Further, when the lid 11 as shown in FIG. 1A is connected to the upper surface of the insulating substrate 1, if the thermal expansion coefficients of the lid 11 and the insulating substrate 1 are different, the lid 11 is placed on the upper surface of the insulating substrate 1. The applied thermal stress affects the connection bump 3 located on the lower surface of the insulating substrate 1. Therefore, the effect of improving the connection reliability of the connection bump 3 may be reduced. In particular, the influence is great in the connection bump 3 in which the connection surface of the lid 11 and the insulating substrate 1 and the connection bump 3 overlap each other in a plan view. Therefore, in this case, it is desirable that the connection surface between the lid 11 and the insulating substrate 1 and the region where the reinforcing resin 6 is provided are arranged so as to overlap each other in a plan view.

  Note that the reinforcing resin 6 does not necessarily include the connection pads 2 and the connection bumps 3 on the inner side as in the example shown in FIG. 1C (the reinforcement resin 6 is in contact with a part of the connection bumps 3. It is not necessary to be formed in the form). In the example of FIG. 1C, the reinforcing resin 6 is disposed only on the corners and the outside from the corners. A plurality of connection pads 2 are arranged at corner portions in contact with the inside of the reinforcing resin 6.

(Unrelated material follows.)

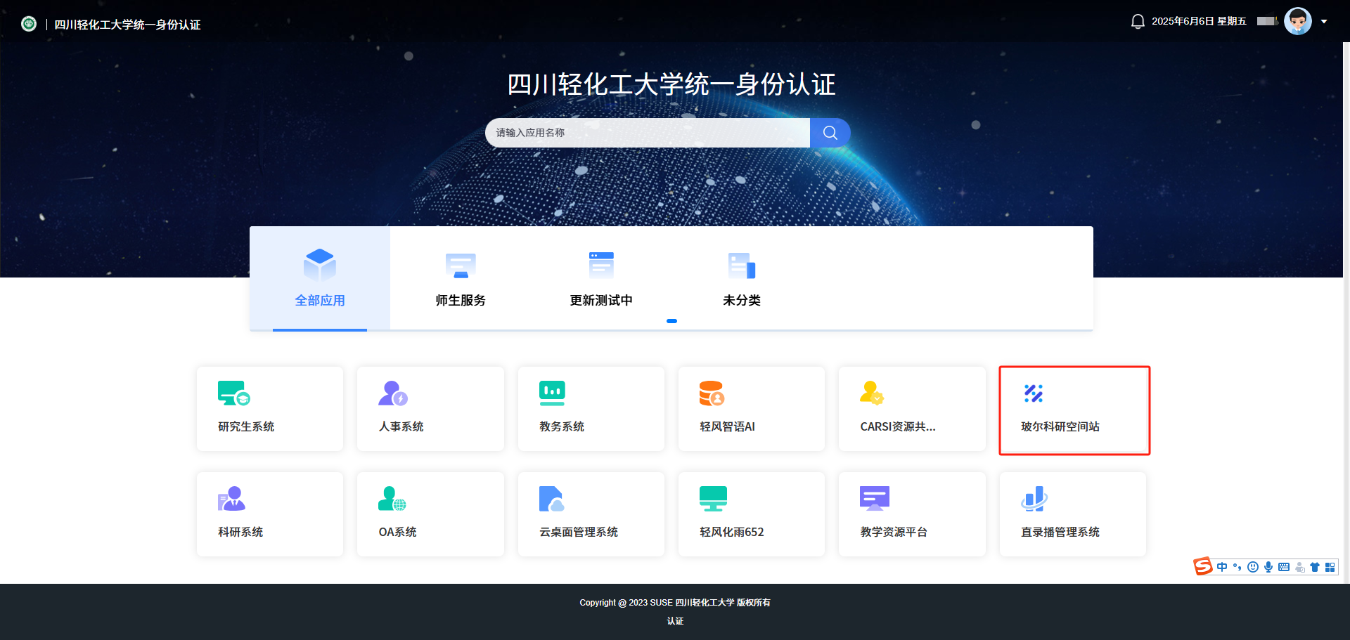 登录“四川轻化工大学统一身份认证平台”,在统一身份认证界面找到“玻尔科研空间站”图标,点击即可跳转访问并自动完成身份认证。首次访问需进行授权。具体位置如图所示:

  Also in this case, the same effect as in the above embodiment can be obtained, and mechanical destruction of the connection bumps 3 and the like due to thermal stress is effectively suppressed. Therefore, also in this case, it is possible to provide the electronic module 10 with high long-term reliability of signal transmission / reception between the external circuit board 4 and the electronic component 9. The example of FIG. 1B is more suitable for preventing mechanical destruction of the connection bumps 3 arranged in the vicinity of the corner (corner portion). Moreover, in order to improve repairability, the example of FIG.1 (c) is more suitable.

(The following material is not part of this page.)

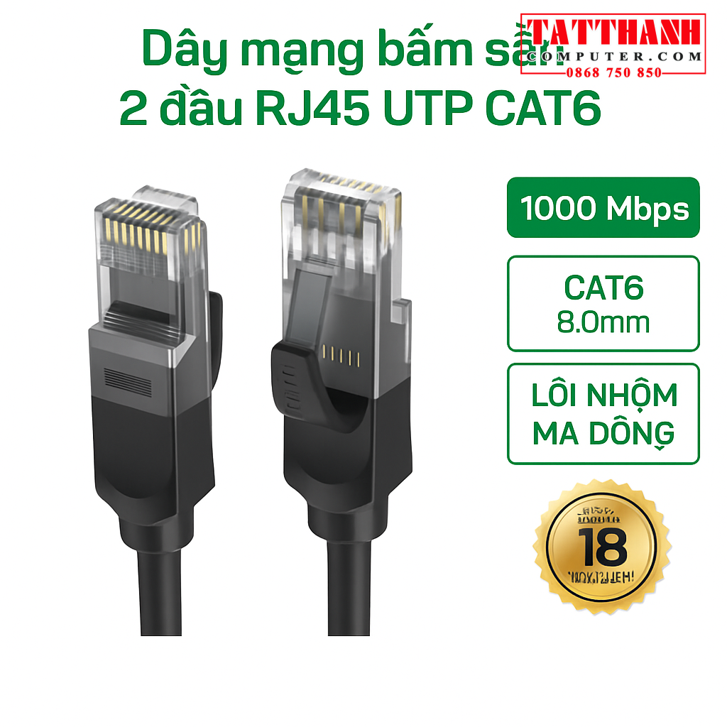 Thông số kỹ thuật: Loại cáp: UTP CAT6 Đầu nối: 2 đầu RJ45 Vật liệu: OFC (Oxygen-Free Copper) Lõi: 26AWG nhôm mạ đồng, đường kính 6.0mm Vỏ bọc: PVC thân thiện với môi trường Ứng dụng thực tế: Dùng để kết nối mạng LAN, đảm bảo tốc độ và độ tin cậy cao cho văn phòng, gia đình hoặc các thiết bị mạng khác.

  2 and 3 are enlarged cross-sectional views of the main part showing a modification in the case where the reinforcing resin 6 is formed in a form not including the connection pads 2 and the connection bumps 3 as in the example of FIG. 1C. It is. 2 and 3, the covering layer 1a is provided in a wide range other than the portion where the connection pads 2 and the like are provided on the main surface of the insulating substrate 1. The covering layer 1 a covers, for example, the main surface of the insulating substrate 1 and the outer peripheral portion of the connection pad 2. Thereby, the strength of mechanical connection to the insulating substrate 1 in the outer peripheral portion of the connection pad 2 is improved. The covering layer 1a is formed of, for example, a ceramic material or an organic resin material similar to that of the insulating substrate 1. In this example, the outer periphery of the coating layer 1 a substantially coincides with the outer periphery of the insulating substrate 1 in plan view.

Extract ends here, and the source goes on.